Karl Johannson: We still have actually a pretty high quality product power within TransCanada. So I see the sales of the solar as an opportunity to recycle some capital which doesn’t mean we’re not going to recycle capital elsewhere, we’ve done both with our natural gas pipelines through the LP and we’ve done it through selling parts of the power business. But certainly, we have a big long-term commitment to the Bruce Power to refurbish that with our partners and we have a very large plant $1 billion, $1 billion plus plant in construction right now at Napanee. I would say that we look at our Canadian Power business as a key and core aspect of our business going forward. Doesn’t mean to saywe won’t recycle some other assets in it so over time, but I do believe it’s a still pretty high quality, high-quality business that we intend to hold on to and to grow over time.

President and CEO, Russ Girling: The power business remains very important part of our portfolio. What we sold here in the last few months is 2% of our portfolio or 76megawatts, it wasn’t a large component of our portfolio, we retained 6,200 megawatts of operating assets with the addition of Napanee here coming into 2018. That business will still be generating a $1 billion of EBITDA for us. Looking forward, we believe that the billions of dollars of new investment is required in the energy business or they have the power business going forward to both convert the system from a higher carbon intensity to a lower carbon intensity, that means more natural gas, more renewables and in our case, potentially more nucular in places like Ontario, but as well with transmission, distribution and as the system needs

to be build out to accommodate those new resources and to replace an aging infrastructure system. So we literally see billions of dollars of opportunities ahead and those opportunities will compete for a capital and in the future from our growing cash flow from our asset base.
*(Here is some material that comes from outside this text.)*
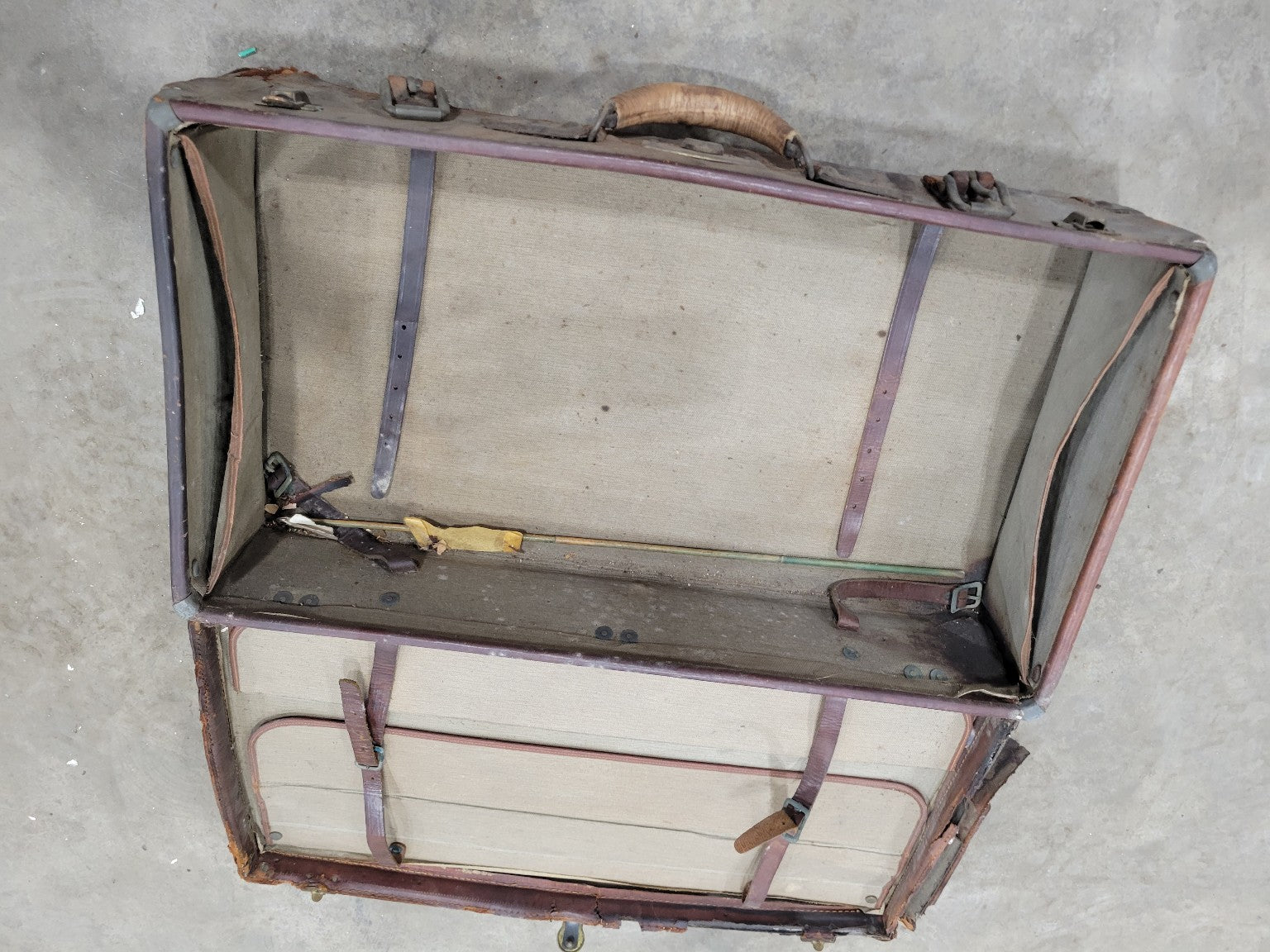 Travel trunks like this were commonly used for train or ship voyages and personal luggage before modern cases became popular.

So it remains important to us, remain in the business, but as Karl said, as we’ve done with all of our businesses, we will look to surface value where possible, recycle that capital to higher returns if possible. And the lens at which we look at all of things is through a per-share return basis for shareholders and that’s the way it will continue to move forward, and it’s always a component of our portfolio for 20 plus years and will continue to be for the future.
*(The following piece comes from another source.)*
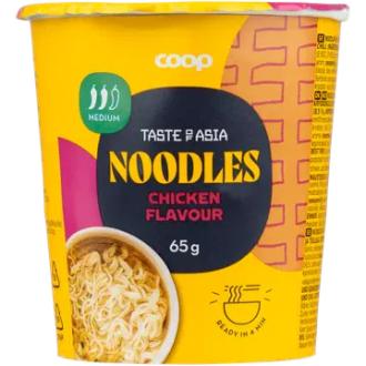Coop Asia kananmakuinen kuppinuudeli 65 g sisältää 73 kilokaloria per 100g. Koko 65g pakkaus sisältää yhteensä 47 kcal.

Q: I just want to figure out how you guys are thinking about your revenue requirement. I know your tariffs, how they might change in the US pipelines under a lower corporate tax rate. And if you could just remind us also, sort of what happened with the revenue requirement in Canada for semi-regulated pipes 10 years ago when the corporate tax rate came down just to help us understand how things could change or may not change at all?
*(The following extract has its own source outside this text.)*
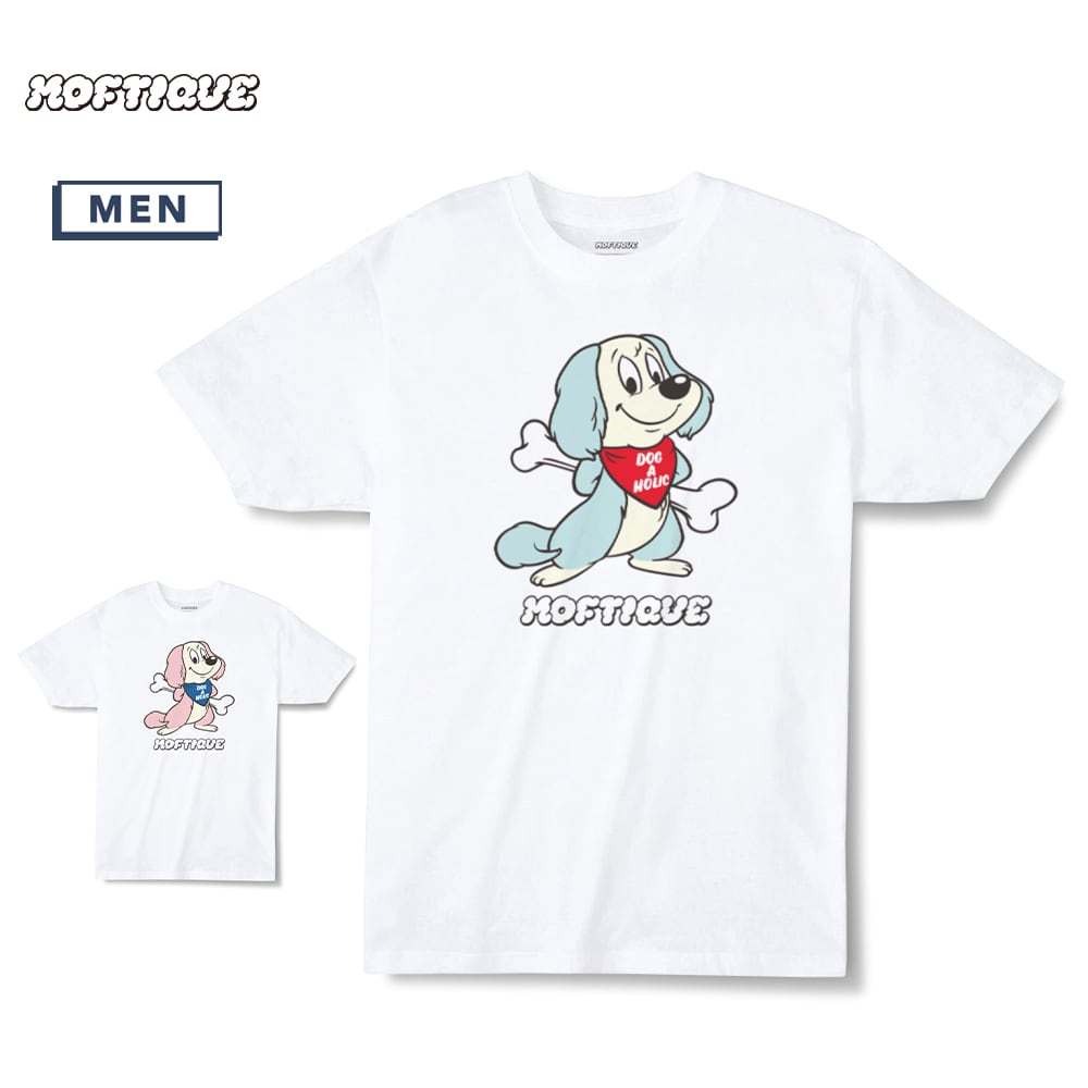 Moftique(モフティック) エントリーモデル 半袖Tシャツ アニマル ポップドッグイラスト 犬 インクジェットプリント 褪せ感 4.0オンス 薄手 トップス カットソー 夏 カジュアル メンズ レディース ユニセックス

Executive Vice President and President, U.S. Natural Gas Pipelines, Stan Chapman: I’ll start and others could jump in to the extent necessary. With respect to rate cases, we do not have any immediate rate case obligations. The first two would be Columbia and ANR in ’19 and ’20. So absent the FERC — absent one, the tax plan being finalized as currently is and then two, absent FERC requiring pipelines to come in in some sort of a special proceeding to address rate reduction, those tax changes will just be incorporated in the future rate cases.

Q: Looking at maintenance capital for the quarter, can you explain why it went up from the previous quarter and is this kind of a the run rate to look at going forward?

Don Marchand: I’ll start and my colleagues want to jump in as well. There is a seasonality aspect to maintenance capital, as I mentioned in my remarks. It is concentrated, particularly in the US in months when gas flows are lower. So that will be a recurring phenomena there. But effectively, there’s two major trends here. One maintenance capital is, has been trending upward as the gas system gets tighter and tighter and more money is required for reliability.

The second trend, this is actually positive for us, because maintenance capital is — there’s always been the case in Canada, but increasingly so in the United States is recoverable, it’s de fact a growth capital that we will earn a return on. And so, yeah, I’ll give a little more granularity in Investor Day in terms of that, but those are the two major trends right now.